29 January 2011


Alright, I openly (and obviously I am writing this on here) admit that I am not the queen of etiquette. I frequently cut people off when they are talking, wear white after Labor Day (or is that before?). and have no clue which fork or spoon to use at a fancy restaurant (but I have only been to one like three times so I get a pass on that one).

But I do know the basics: don't wear your hat inside someone's house, don't put your elbows on the table, don't talk with food in your mouth, chew with your mouth closed, place your napkin in your lap while eating, (can you tell that we are working on table manners right now!?) etc.

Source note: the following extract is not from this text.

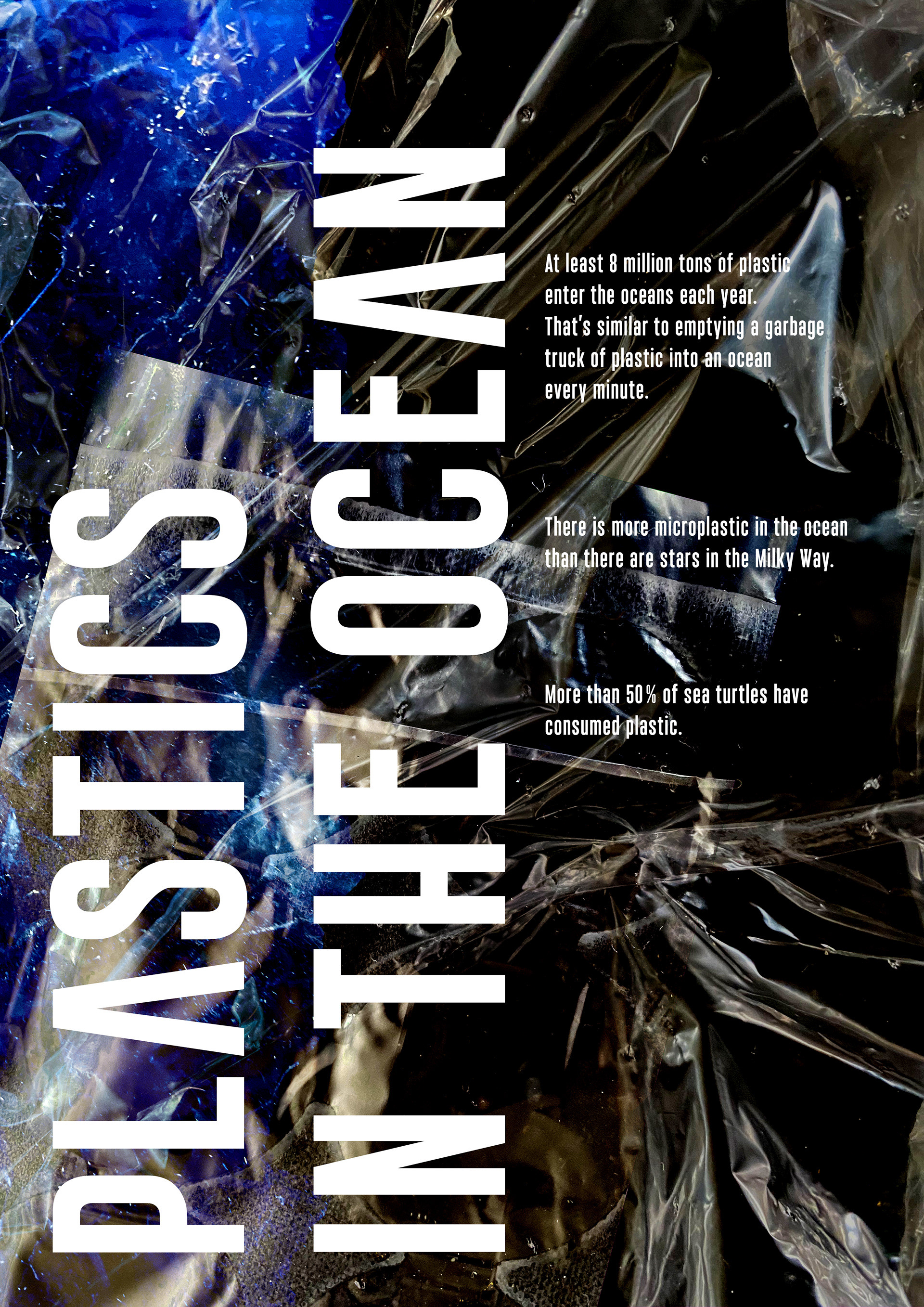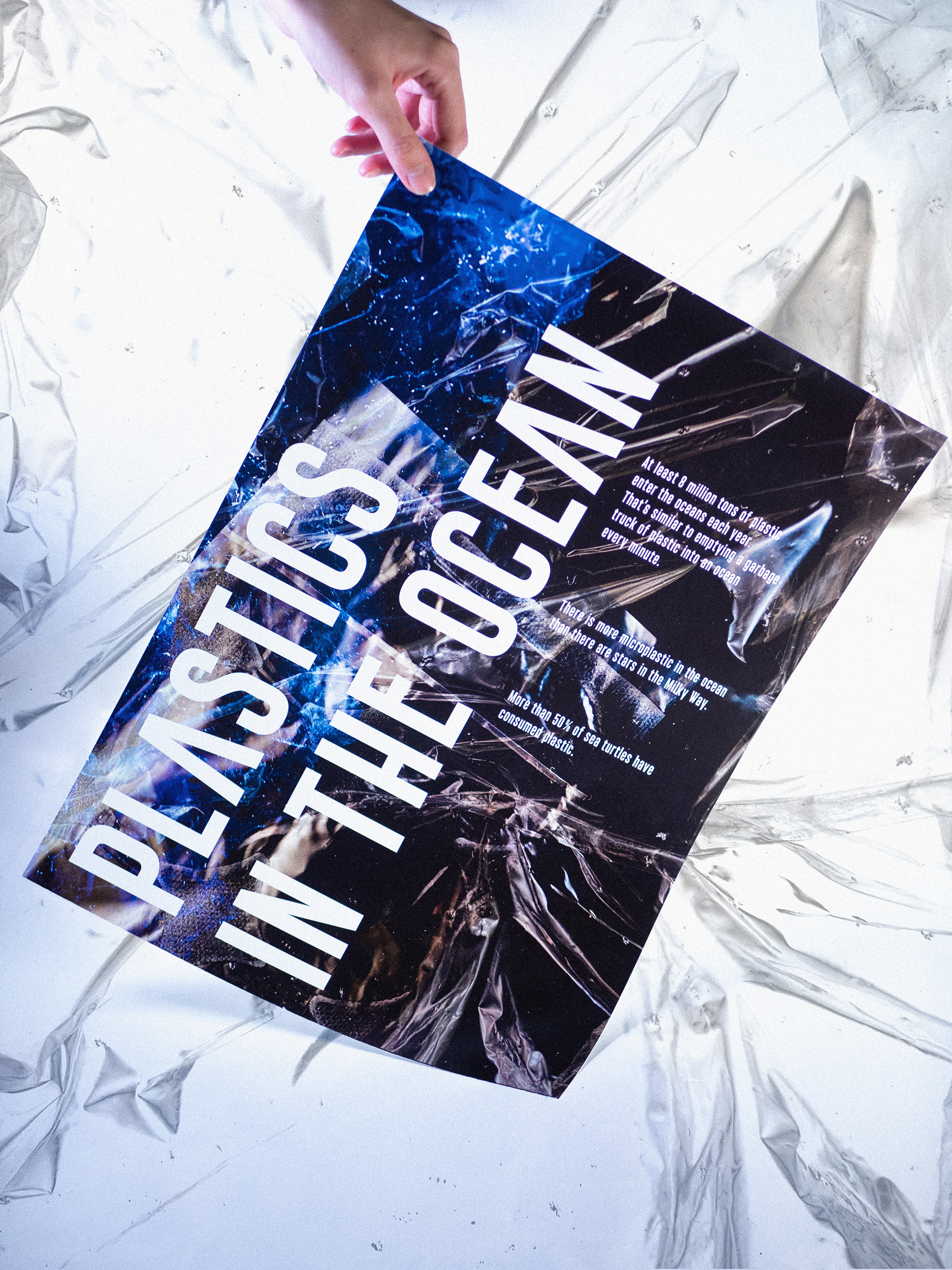 Poster on the topic of plastics in the ocean, made with my own photos and completed

There is however a completely different set of etiquette rules when you are out in public. And while in Dallas I observed some great rule breakers. Now you have to understand that lasik is an elective procedure, so you would assume that those people waiting for their appointments at the lasik office would be of a slightly higher caliber of etiquette followers. You would be wrong. (Or at least I was)

When in a waiting room:

Do NOT engage in a phone call for 45 minutes about your bodily fluids and those bodily fluids of your family members. I am greatly sorry that you are sick, but that implores the question, why are you in this waiting room talking about it instead of at home or at a family doctor's office?
Do NOT talk on your cell phone so loudly that the entire waiting room can hear (that really goes for any place).
Do NOT curse repeatedly on said phone (again, goes for anywhere).
Do NOT read the subtitles on the tv out loud. We may all be in the waiting room to have our vision corrected but we can all read, to ourselves.
Do NOT come out of the bathroom and heave a sigh of relief while at the same time fanning your posterior. We ALL know what you were doing in there and we are all trying to rid that image from our mind.
Do NOT bring your toddler and let them run around the room grabbing and licking the tables. Really?
Do NOT allow your toddler to grab my purse. I may be a mom but I can still have my personal space. I will not be held responsible for anything that may or may not happen while your germ infested monster has her hand down bag. You have been warned.
Do NOT go up to the counter 10 times to check on the status of your appointment. It's only been 15 minutes dude, take a chill pill.
Do NOT go up to the counter to flirt with the ubber cute and skinny receptionists. News flash: they're 17.
Do NOT turn the channel on the tv. There's a clearly marked sign that says so.


Andrea said...

I think there is a whole generation of people that just weren't taught manners.